Among them, the company uses geothermal heat, a wind turbine and recycled paper and packaging whenever possible.

“We’re always trying to reduce and reuse,” Christine said.

Giving back to the community is also an important facet of Maud Borup.  The company actively supports many not-for-profits, including St. Jude Children’s Research Hospital and the Minnesotabased Blair’s Tree of Hope, whose mission is to help the families of children who have been hospitalized with a life-threatening illness.

At a whole different level

Christine is aware she is very much like Maud Borup: a forerunner.

As a female business owner she is in the minority (in 2015, about 29 percent of America’s business owners were women), but as a veteran woman business owner she is even more of a rarity.

Per the Veteran Women-Owned Businesses NWBC Analysis of 2012 Survey of Business Owners, there are only 383,302 veteran women-owned businesses in the United States. Less than 4% of these businesses have more than one employee.

To women (and men) getting out of the military, Christine has simple, but powerful advice: be proud.

“So many military people I know are modest,” Christine said.  “They don’t realize the value of what they have.  For me seeing that on a resume – that service – automatically puts you at a whole different level in terms of accountability and trust.”

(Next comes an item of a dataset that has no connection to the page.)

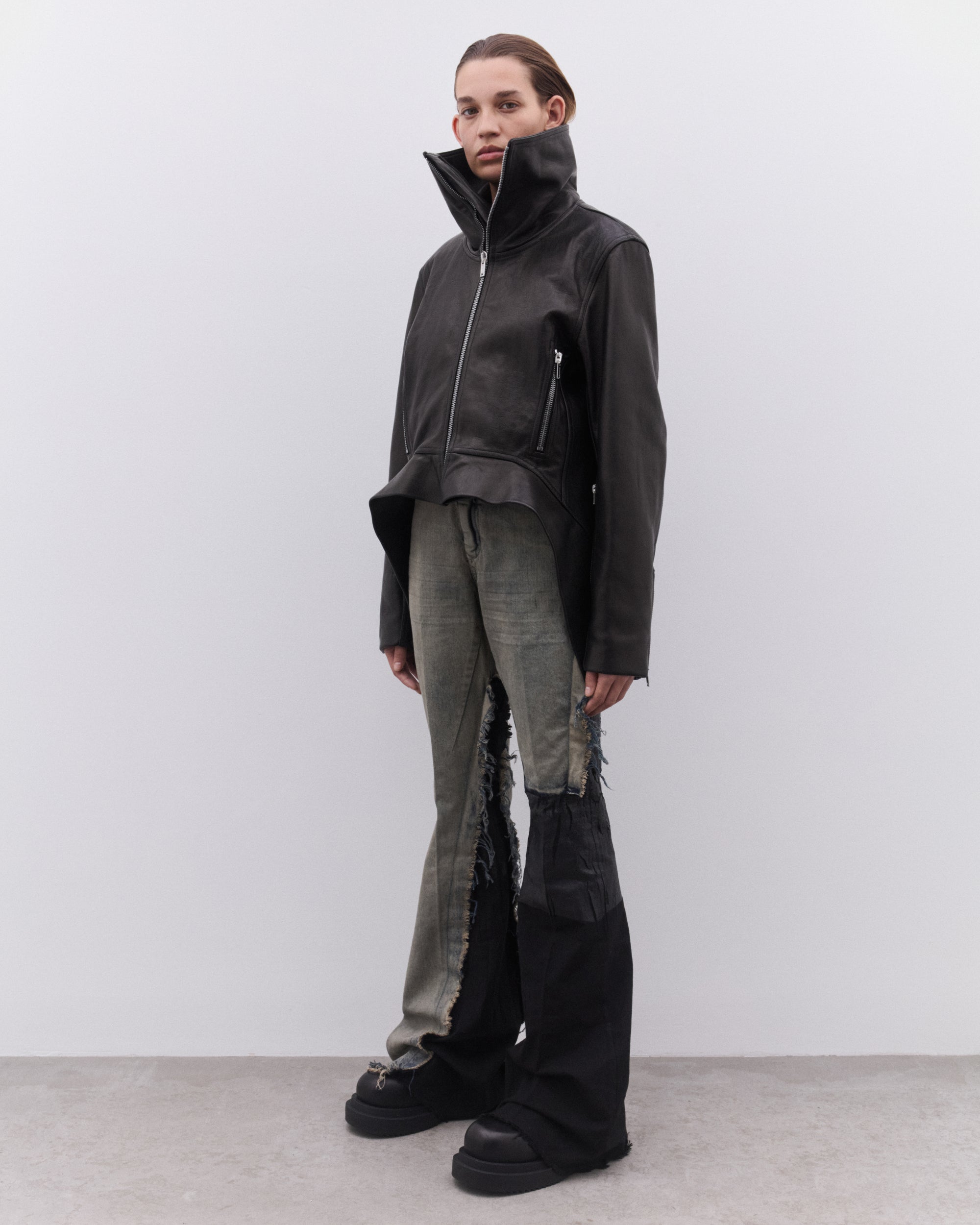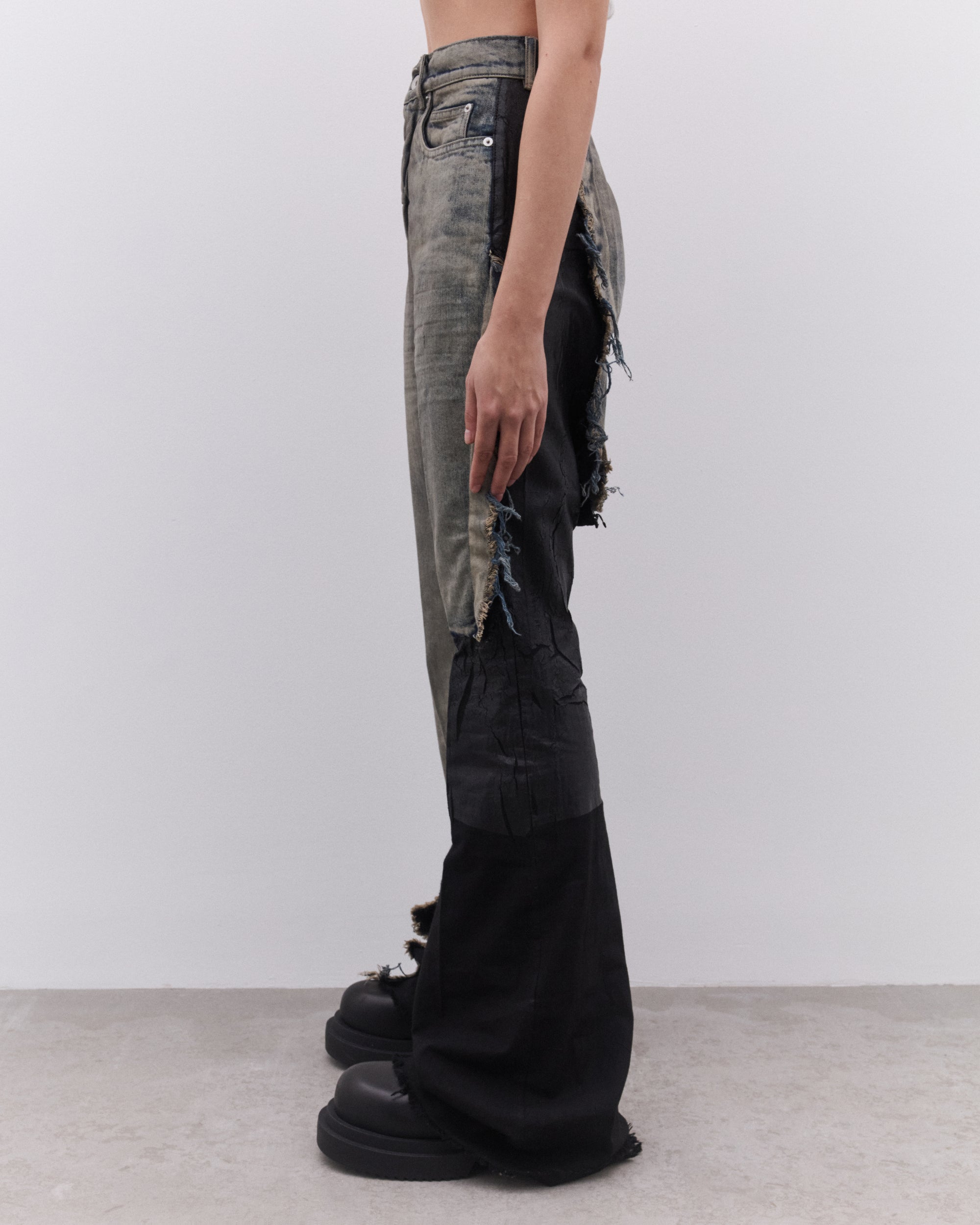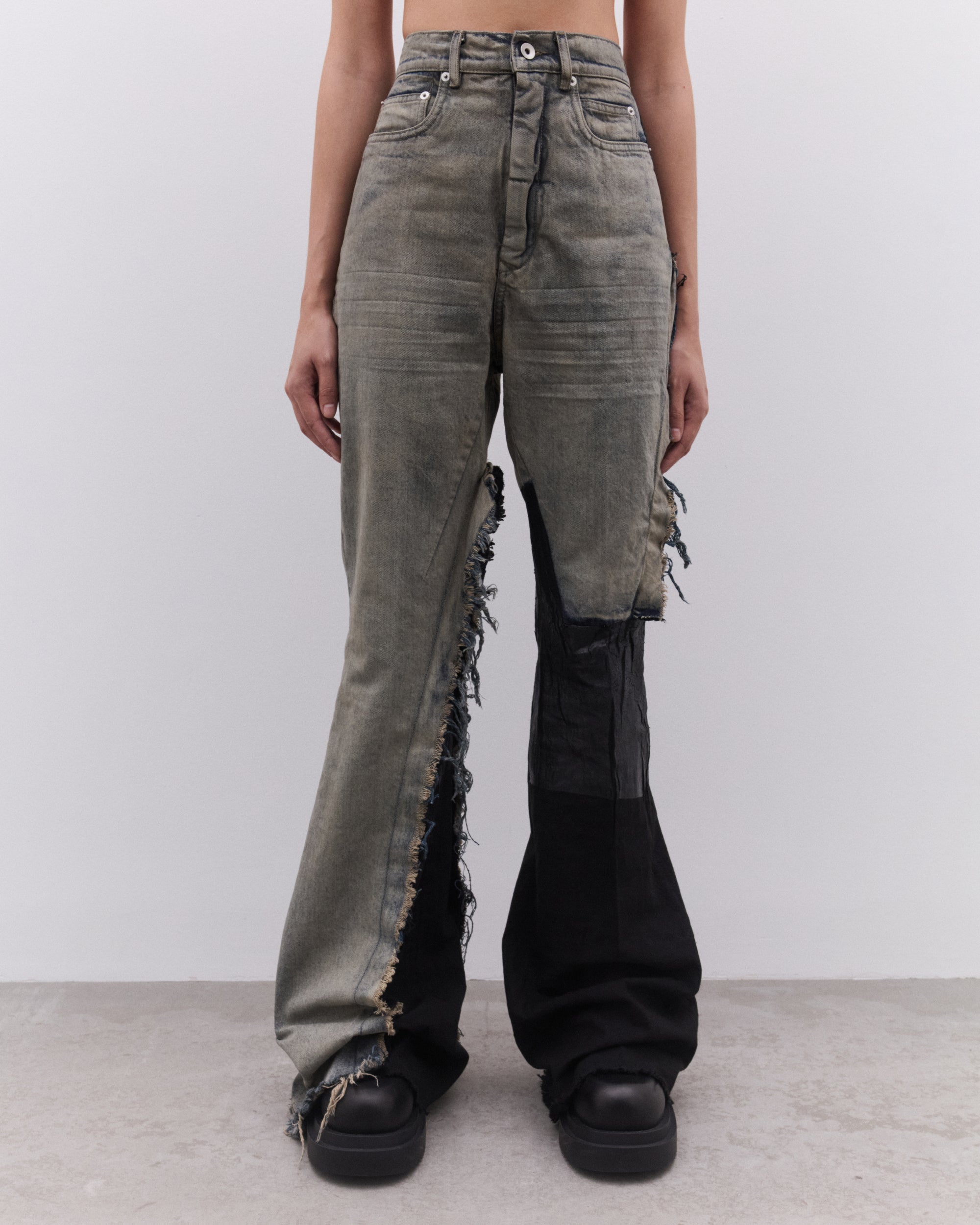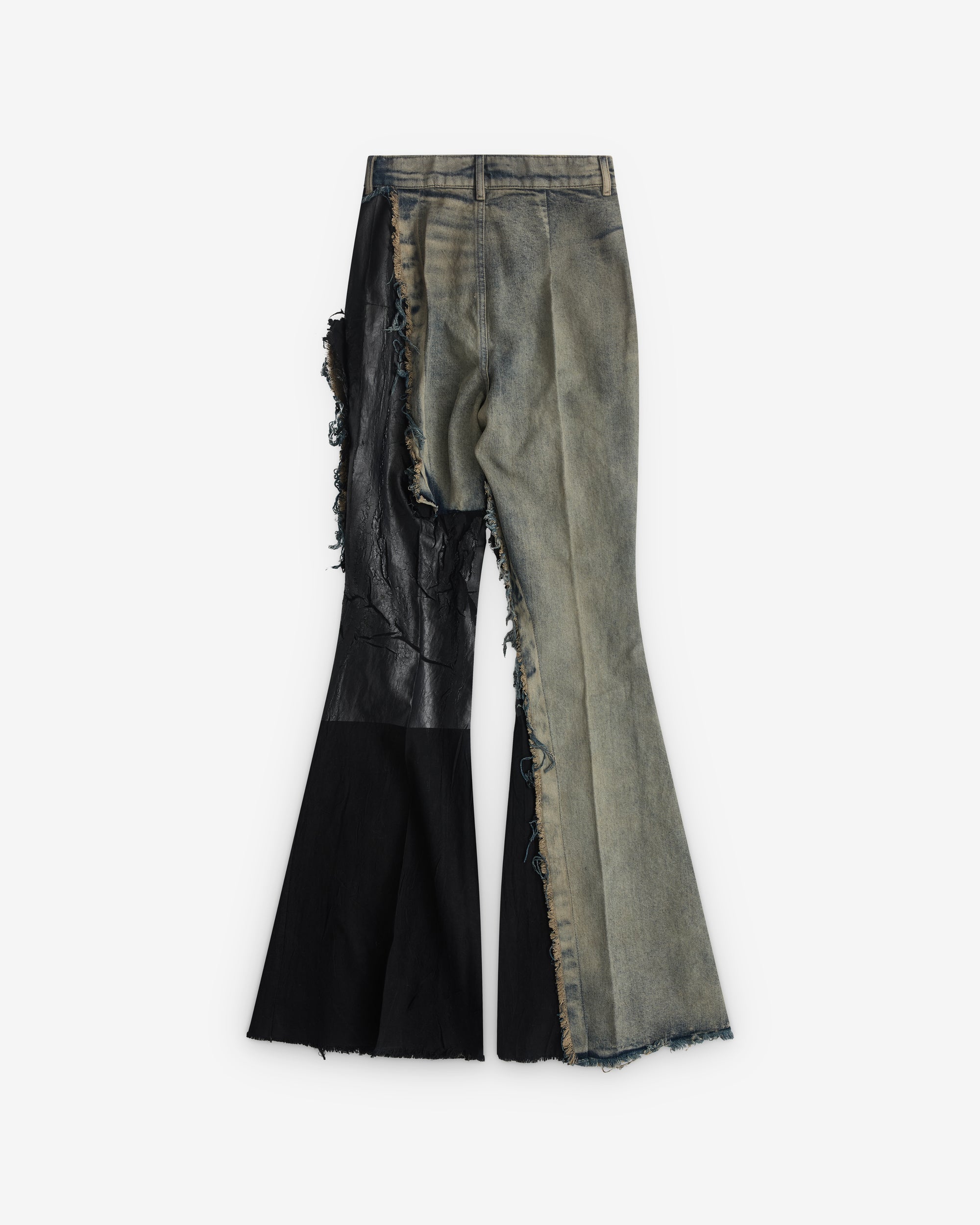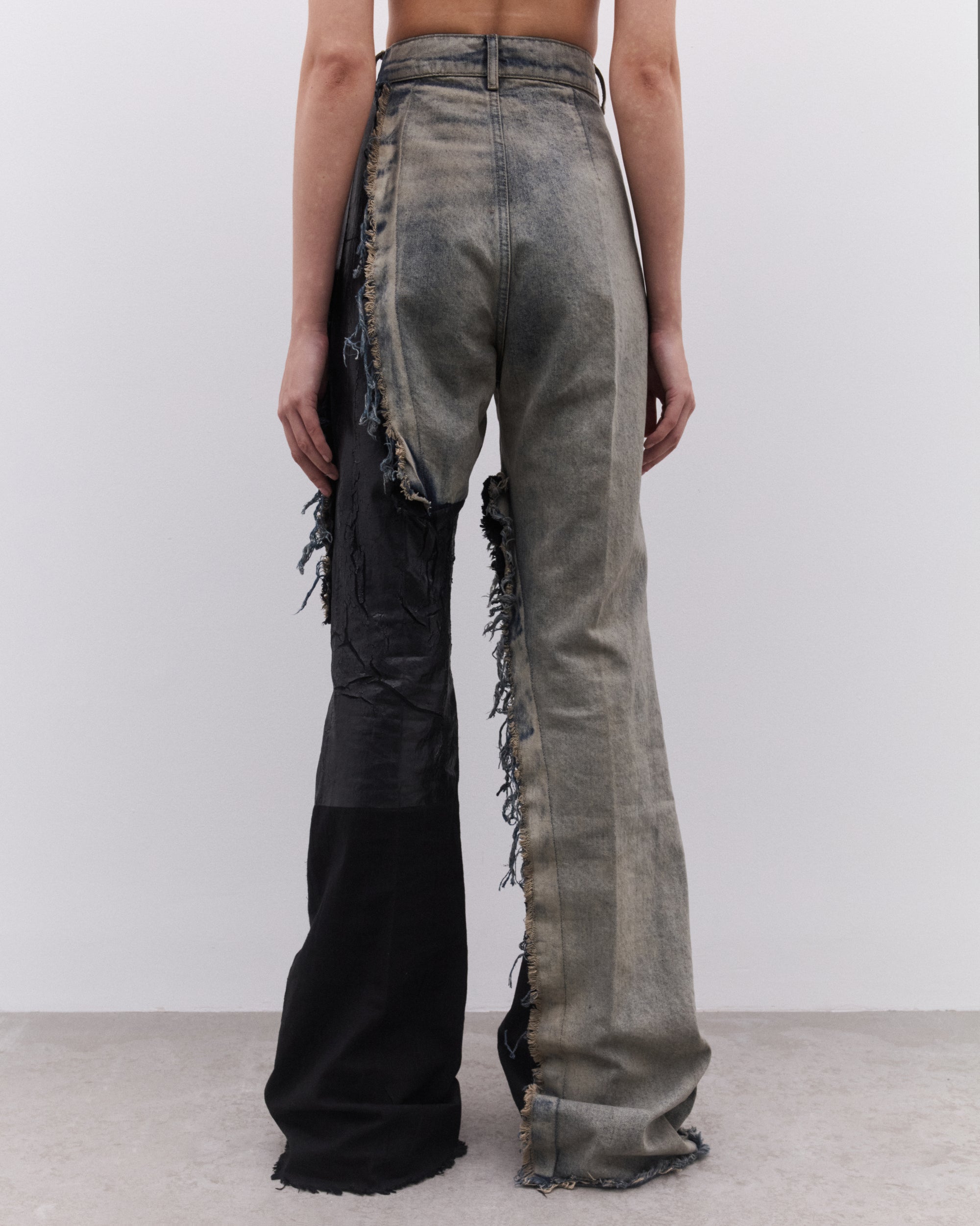 High waistFlared hemButton and zip fly fasteningRaw edge hemBelt loops

She encourages veterans to think broadly and with a creative, open mind when it comes to potential job and entrepreneurial opportunities after service.

“When you’re in the military you’ve been told what to do for a long time and when you get out, it’s your choice now,” Christine said.  “So, what are you going to do with the rest of your life?  You are in control and it’s your opportunity to really flourish and be what you want to be.”

Don’t let your MOS define your path, either she says.

“I was a medic and my life after the military was marketing, it was product, it was colorful,” Christine said.  “A lot of things were different than what I learned in the military.  Yet, foundationally, there were so many things I could take from it and still use today.”

One of those things is teamwork.

There’s no doubt about it – Christine is successful.

Among her awards and honors:  2017 Wonder Women Award from Twin Cities Business; 2016 Enterprising Women of the Year Award from Enterprising Women Magazine, 2015 Torch Award for Ethics Finalist from the Better Business Bureau and 2012 Young Business Owner Woman of the Year Award from the National Association of Women Business Owners.

However, Christine sees her successes as a business owner as a team effort; just like she did in the Army.

“The biggest part of our success [at Maud Borup] is being able to bring in people who can contribute, love the work and are passionate about what we do,” Christine said.  “Without amazing people we wouldn’t be where we are today.”